#### SOURCE DATA
+++

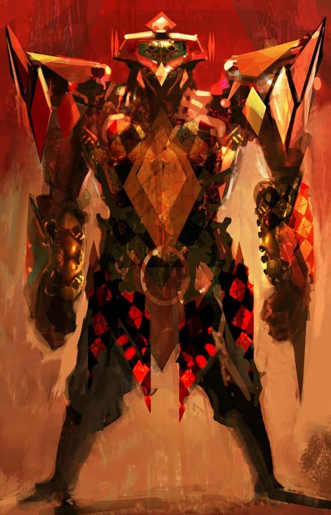 A 11 x 17 print of the "Diamond Mauler Card Soldier" – by Stephan Martiniere, known for his work on Madame Web and The Guardians of the Galaxy.
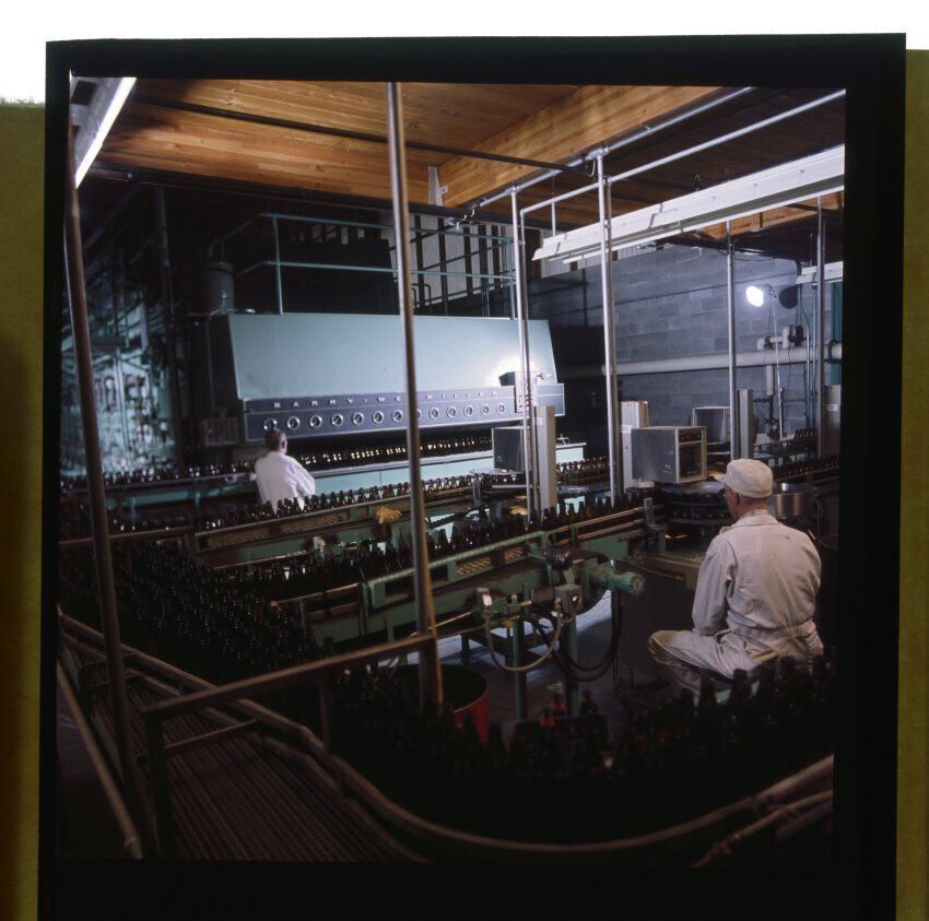 Negative, sheet film. 2 x 2 postive. Bottle washer at Oly brewery.
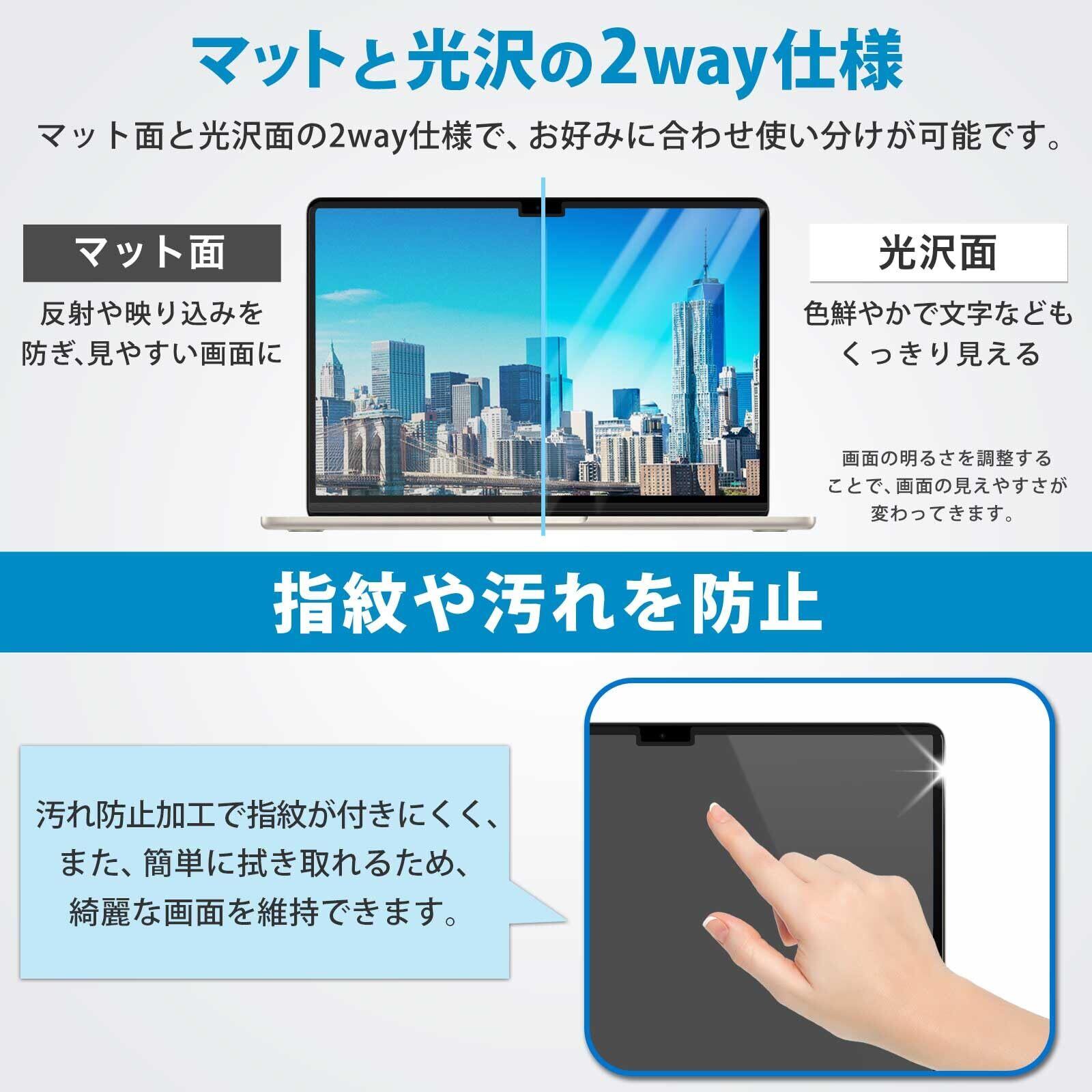 両面の使用が可能:一方の面はアンチグレア加工が施されているので、太陽光や蛍光灯からの反射を抑え、見やすさを向上させます。もう一方の面は光沢があるため、写真や動画の質感が高まり、鮮やかな画面を楽しむことができます。

+++

#### YOUR TASK
Transcribe, without alteration, each line from the one with "Negative, sheet film." through the last line of the data; no pictures belong in the copy.

#### RESULT OF THE EXERCISE
 Negative, sheet film. 2 x 2 postive. Bottle washer at Oly brewery.
 両面の使用が可能:一方の面はアンチグレア加工が施されているので、太陽光や蛍光灯からの反射を抑え、見やすさを向上させます。もう一方の面は光沢があるため、写真や動画の質感が高まり、鮮やかな画面を楽しむことができます。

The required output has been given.